The expression of 4 genes (KRAS, NRAS, PIK3R3, SOS1) was consistent with that in GSE114007 dataset from the results of 12 hub genes, representing high priority candidates for therapeutic interventions. KRAS, a heterodimer of RAS, leads to chondrocyte growth by stimulating the MAPK/ERK1/2/Cyclin D1 signaling pathway [34]. RAS has been shown to stabilize KRAS levels in the cytoplasmic membrane, aggregating KRAS to amplify the signal output of the mitogen-activated protein kinase (MAPK) pathway [35]. As a member of the pleiotrophin, Midkine (MK) can interact with RAS and further lead to the formation of MK-RAS-KRAS complexes [36]. Then, this action stimulates the downstream MAPK/ErK1/2 signalling pathway, thereby increasing the expression of cyclin D1 and accelerating cell cycle progression [37]. Previous studies reported positive correlations between chondrocyte death by apoptosis and the severity of OA [38, 39]. Moreover, NRAS is an N-RAS oncogene that encodes a membrane protein travelling between the Golgi body and the plasma membrane. Actually, only a small number of studies investigated the role of NRAS in the development of OA. Huang et al. have reported that NRAS is an up-regulated gene in synovial tissue and associated with the MAPK pathway based on pathway analysis [40]. The MAPK pathway is the most important signal transduction system that mediates osteoarthritis cartilage injury, causing a series of reactions, such as the increased expression of matrix MMPs, chondrocyte apoptosis and cartilage destruction [40]. As a key subunit of the IAPI3K protein complex [41], PIK3R3 regulates anabolism effector T cell differentiation, T cell senescence, and activation-induced cell death [42]. PIK3R3 is down-regulated in human cartilage tissue with OA and also mediates the effects of miR-1236 on chondrocyte proliferation and apoptosis [43]. Additionally, SOS1 is a guanine nucleotide exchange factor (GEF) for RAS involved in the RAS signaling pathway [44]. Major components of RAS, including ACE, AT1R, and AT2R, are expressed in synovial tissue in humans and participate in the pathogenesis of OA [45]. Kawakami et al. confirmed that chondrocytes partially expressed AT1R and AT2R and presented increased expression with the stimulation of inflammatory cytokines IL-1 [46].
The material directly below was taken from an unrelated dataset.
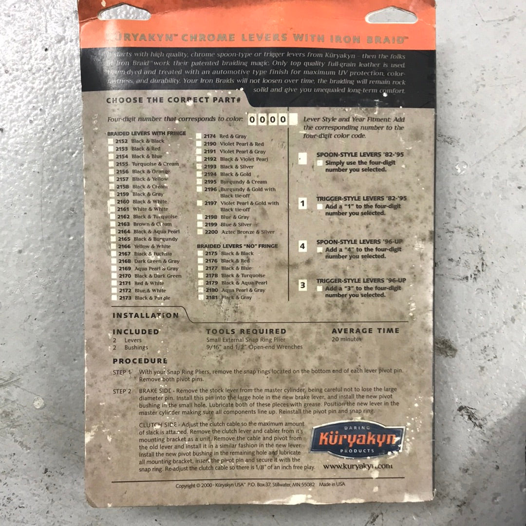 Kuryakyn 2156 chrome levers with iron braid- black and orange

This study has several merits. First, we have systematically characterized the profile of miRNAs and mRNAs expression between OA patients and healthy controls (blood samples) integrating with public data GSE143514(synovial tissues) to screen overlapped DEMs, which contain different tissues from participants. Second, we performed miRNA-associated integrated network analysis to identify potential hub genes by bioinformatics analysis. More importantly, the acquisition of blood samples is actually feasible as a means of early screening and diagnosis compared with cartilage samples and/or synovial tissues in clinical practice.

Also, there are still some limitations need to be considered. First of all, the sample size of the integrated analysis, neither the internal data nor the GEO dataset, is sufficient to explore and verify those candidate miRNAs and key genes. Considering the veracity and credibility, further studies with larger sample size are still needed to validate the findings. And, although we employed the internal samples and the public databases to comprehensively screen the critical miRNAs and key genes, the involvement of these factors and their value as therapeutic targets need to be validated in studies on their function in vitro and in vivo.

In summary, using integrated analysis, we have detected a series of potential miRNA-target gene pathways (mir-584-5p-KRAS, mir-183-5p-NRAS, mir-4435-PIK3R3, and mir-4435-SOS1) that represent new mediators of abnormal gene expression and high priority targets for therapeutic interventions. Our findings could advance in basic understanding of risk factors and molecular mechanisms of OA disease. Screening from large populations also remains to be further elucidated and validated.